This is important.
In the fall, I witnessed a friend, biking her daughter to school, get pulled over and ticketed by a cop, for rolling through (and turning right into a bike lane!) a stop sign. It’s one of those intersections where you can see so clearly in all directions, there is actually never a reason to actually stop here (if you are on a bike). The reflective yellow clad mother was in tears, the helmeted first grader was scared, and the cop had no mercy, he was a literalist.
My main issue I have with the “equal rights, equal responsibilities” rationalization for enforcing traffic laws designed for cars onto cyclists is that CARS OFTEN KILL PEOPLE, AND BIKES DON’T.
The wording in the new proposed law explicitly cites this huge difference in potential injury and damages as the primary argument for the bill. My only concern is that it could be seen as an attempt for cyclists to simply get around the law. I hope the conversation gets statistical, looking at this as an incentive for more people to bike, for biking to be more pleasurable, more efficient, more rewarding, to feel special, yes! If Portland wants to be the model of a bike friendly city, we need to make biking as attractive as possible, and the cops won’t stop ticketing for bullshit reasons till the laws are changed. Go BTA!!
Here are snippets from bikeportland’s article:
Exclusive: BTA will go for “Idaho style” stop sign law: “
The BTA hopes to make
it legal to roll through
stop signs.
(Photos © J. Maus)
The Bicycle Transportation Alliance (BTA), a Portland-based non-profit with over 5,000 members statewide, has proposed a new law that would make it legal to roll through a stop sign while riding a bicycle in Oregon.

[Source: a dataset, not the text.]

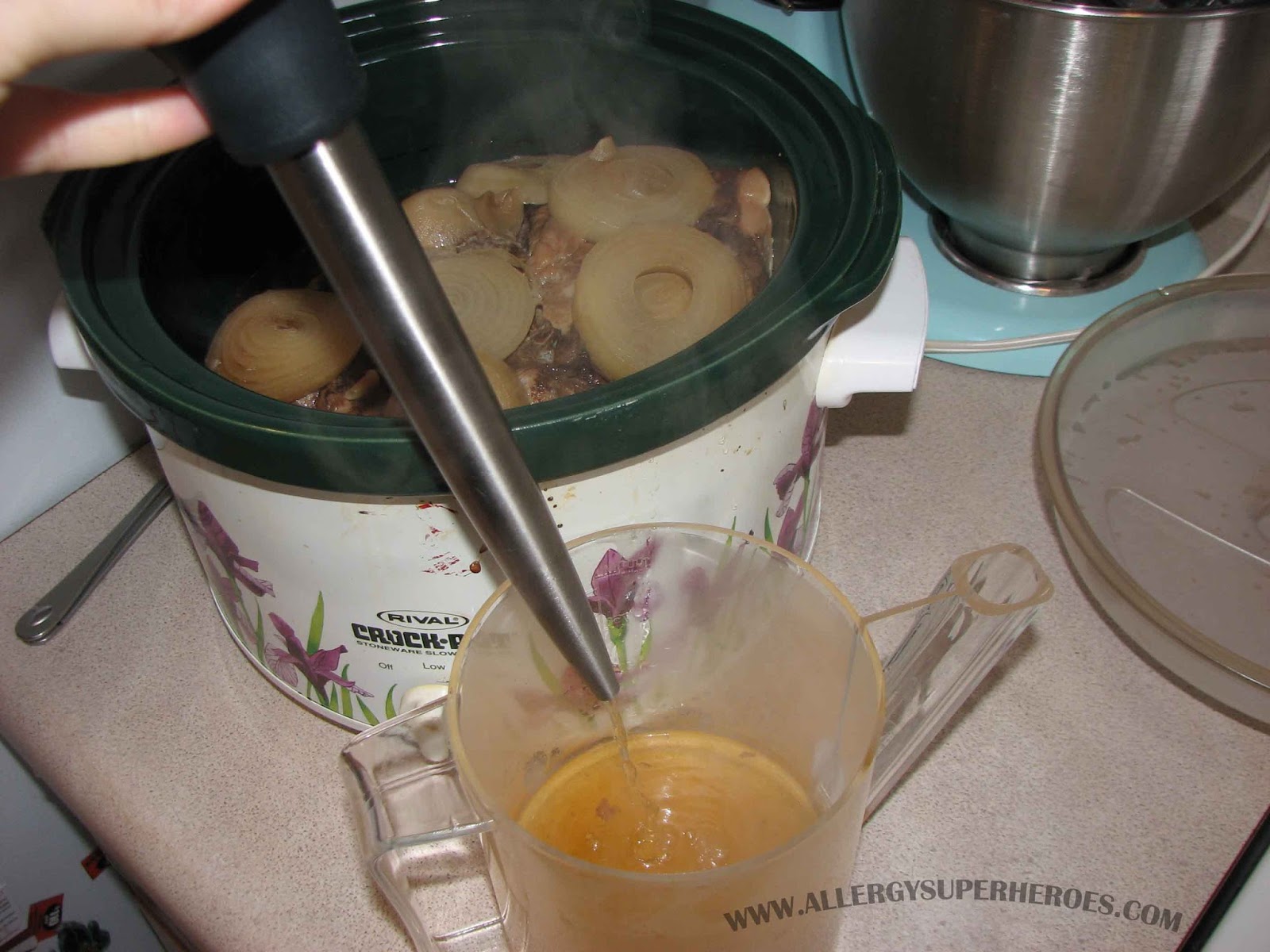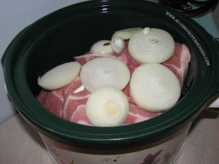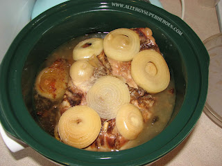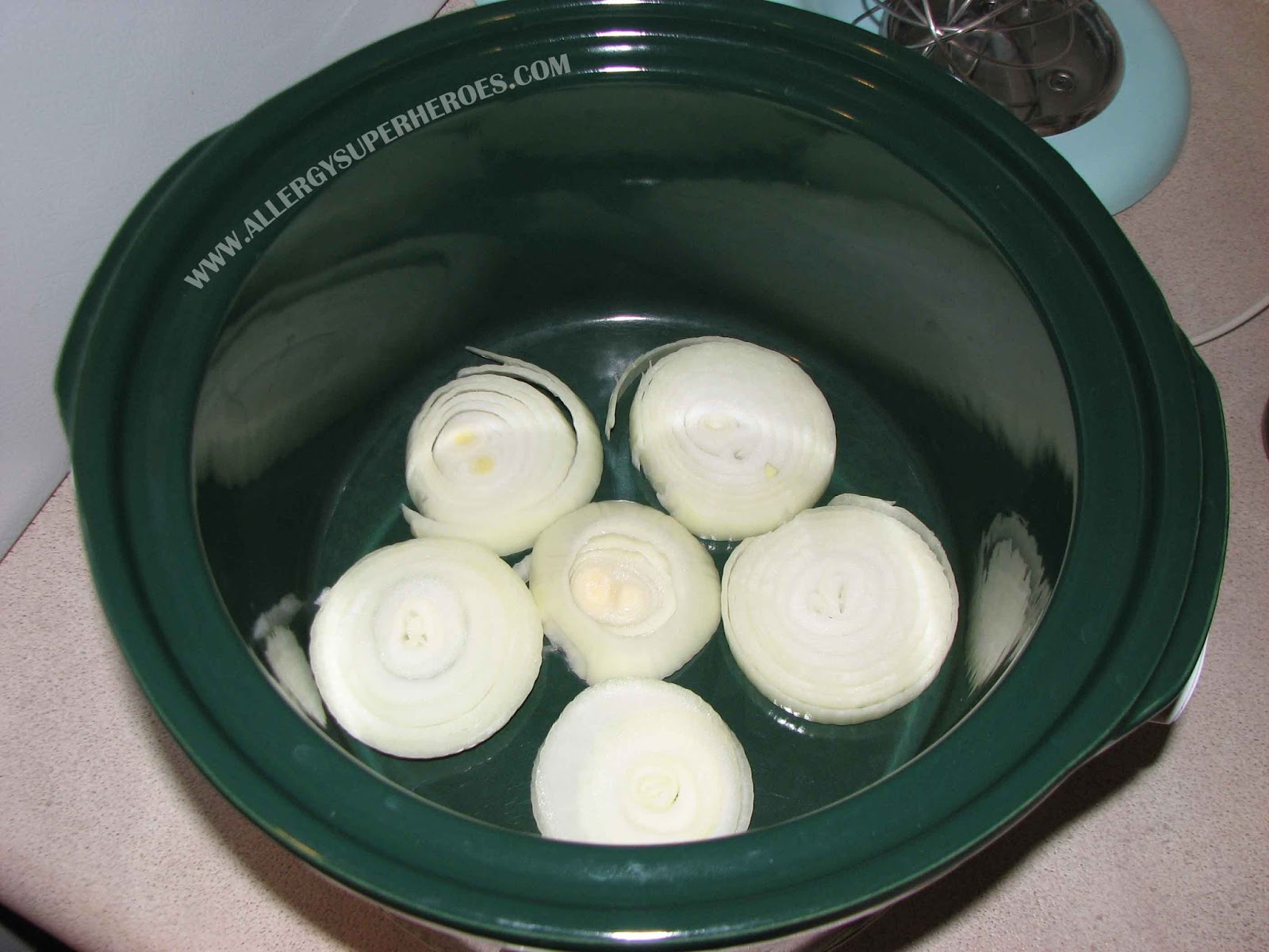 - Layer one sliced onion in the bottom of your crockpot.

One tactic Rohde has found works well in explaining the proposal is to equate it to walking. ‘When you walk up to an intersection in a neighborhood and no one’s around,’ he said, ‘you don’t come to a complete stop. You just look around and then go if it’s safe. We’re just applying that same logic to biking.’
For the BTA, passage of the Idaho Stop Law would accomplish many things, including:
- It would make biking easier and more efficient (having to stop unnecessarily is a ‘deterrant to many people’),
- it would put an end to the long and controversial legacy of Police enforcement actions (a.k.a. ‘stings’) at stop signs so they could ‘focus more of their limited resources on high-risk intersections’,
- it would ‘eliminate the argument that cyclists are always breaking the law when they are actually acting in a very rational manner.’